REQUIREMENT:
Your answer must be an exact copy of the entries below, with every picture removed.

━━━ EXTRACTED RECORDS

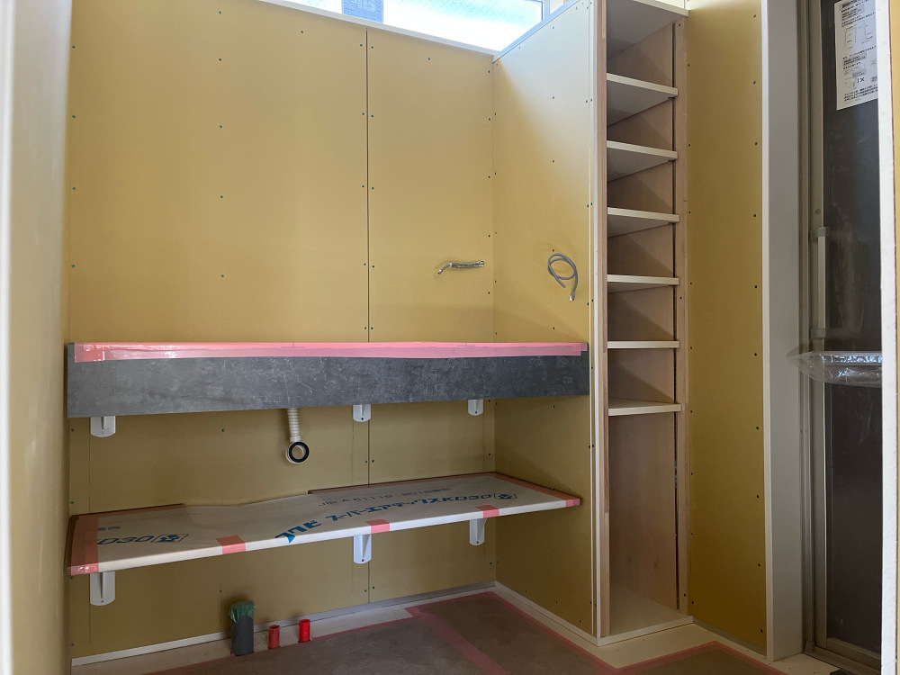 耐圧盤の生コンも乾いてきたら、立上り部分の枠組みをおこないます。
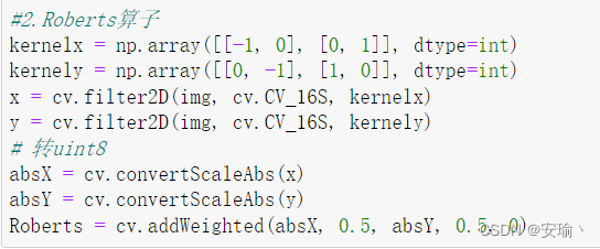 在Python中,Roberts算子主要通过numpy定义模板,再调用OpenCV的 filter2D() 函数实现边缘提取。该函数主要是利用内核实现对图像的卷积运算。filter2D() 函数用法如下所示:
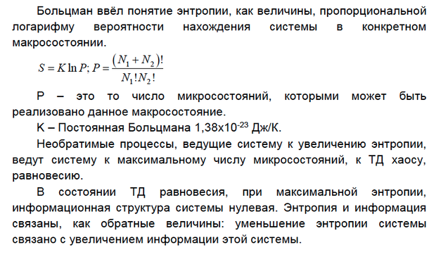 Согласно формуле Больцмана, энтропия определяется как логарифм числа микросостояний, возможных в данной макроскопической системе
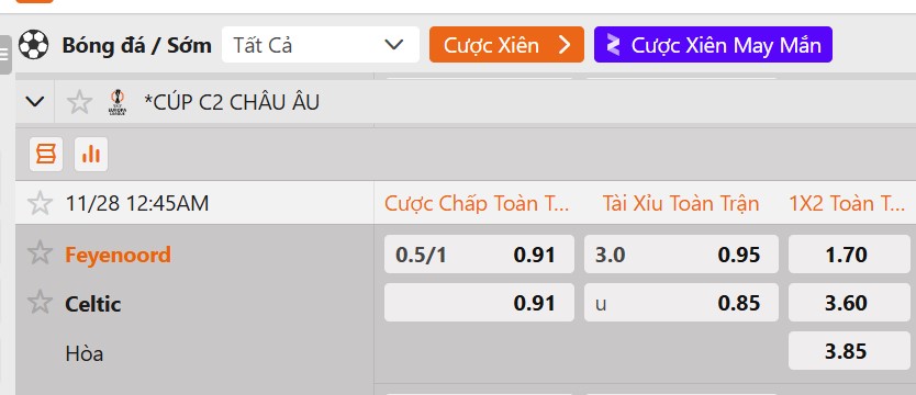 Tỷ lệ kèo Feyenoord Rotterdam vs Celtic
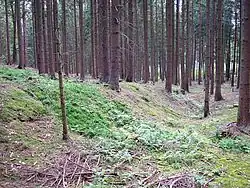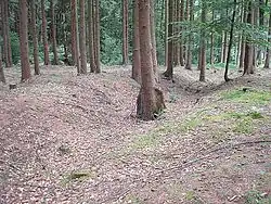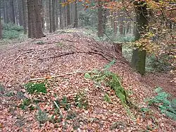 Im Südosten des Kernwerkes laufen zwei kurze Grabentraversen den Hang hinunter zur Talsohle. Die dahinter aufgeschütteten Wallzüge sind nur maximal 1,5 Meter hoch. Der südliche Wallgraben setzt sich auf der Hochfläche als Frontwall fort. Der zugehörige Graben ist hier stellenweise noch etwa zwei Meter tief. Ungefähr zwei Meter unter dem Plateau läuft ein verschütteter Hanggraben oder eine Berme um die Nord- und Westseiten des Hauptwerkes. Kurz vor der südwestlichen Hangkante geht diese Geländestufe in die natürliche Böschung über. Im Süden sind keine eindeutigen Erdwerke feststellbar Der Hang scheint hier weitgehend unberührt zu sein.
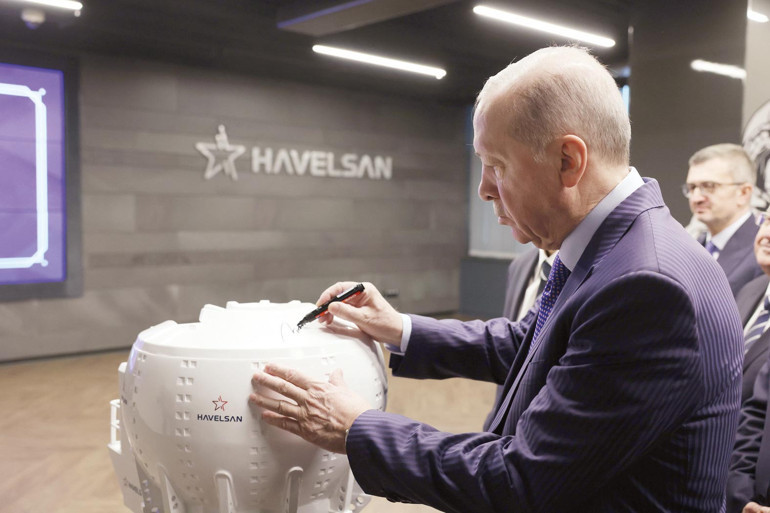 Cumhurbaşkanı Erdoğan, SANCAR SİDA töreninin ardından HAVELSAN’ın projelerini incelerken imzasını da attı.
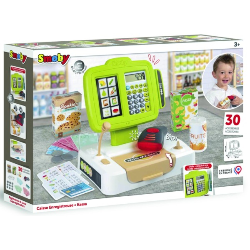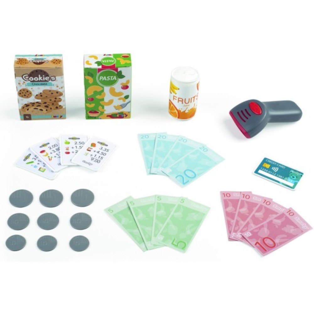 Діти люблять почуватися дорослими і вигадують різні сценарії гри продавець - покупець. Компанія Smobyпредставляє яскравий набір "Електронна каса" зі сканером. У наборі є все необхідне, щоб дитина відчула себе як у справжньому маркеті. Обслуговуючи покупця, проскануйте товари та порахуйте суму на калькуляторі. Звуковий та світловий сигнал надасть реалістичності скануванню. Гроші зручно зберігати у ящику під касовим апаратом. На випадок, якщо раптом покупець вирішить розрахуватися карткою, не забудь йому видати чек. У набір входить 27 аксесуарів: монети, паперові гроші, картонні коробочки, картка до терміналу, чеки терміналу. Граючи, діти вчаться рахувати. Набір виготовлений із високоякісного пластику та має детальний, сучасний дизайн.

━━━━━━

RESULT:
 耐圧盤の生コンも乾いてきたら、立上り部分の枠組みをおこないます。
 在Python中,Roberts算子主要通过numpy定义模板,再调用OpenCV的 filter2D() 函数实现边缘提取。该函数主要是利用内核实现对图像的卷积运算。filter2D() 函数用法如下所示:
 Согласно формуле Больцмана, энтропия определяется как логарифм числа микросостояний, возможных в данной макроскопической системе
 Tỷ lệ kèo Feyenoord Rotterdam vs Celtic
 Im Südosten des Kernwerkes laufen zwei kurze Grabentraversen den Hang hinunter zur Talsohle. Die dahinter aufgeschütteten Wallzüge sind nur maximal 1,5 Meter hoch. Der südliche Wallgraben setzt sich auf der Hochfläche als Frontwall fort. Der zugehörige Graben ist hier stellenweise noch etwa zwei Meter tief. Ungefähr zwei Meter unter dem Plateau läuft ein verschütteter Hanggraben oder eine Berme um die Nord- und Westseiten des Hauptwerkes. Kurz vor der südwestlichen Hangkante geht diese Geländestufe in die natürliche Böschung über. Im Süden sind keine eindeutigen Erdwerke feststellbar Der Hang scheint hier weitgehend unberührt zu sein.
 Cumhurbaşkanı Erdoğan, SANCAR SİDA töreninin ardından HAVELSAN’ın projelerini incelerken imzasını da attı.
 Діти люблять почуватися дорослими і вигадують різні сценарії гри продавець - покупець. Компанія Smobyпредставляє яскравий набір "Електронна каса" зі сканером. У наборі є все необхідне, щоб дитина відчула себе як у справжньому маркеті. Обслуговуючи покупця, проскануйте товари та порахуйте суму на калькуляторі. Звуковий та світловий сигнал надасть реалістичності скануванню. Гроші зручно зберігати у ящику під касовим апаратом. На випадок, якщо раптом покупець вирішить розрахуватися карткою, не забудь йому видати чек. У набір входить 27 аксесуарів: монети, паперові гроші, картонні коробочки, картка до терміналу, чеки терміналу. Граючи, діти вчаться рахувати. Набір виготовлений із високоякісного пластику та має детальний, сучасний дизайн.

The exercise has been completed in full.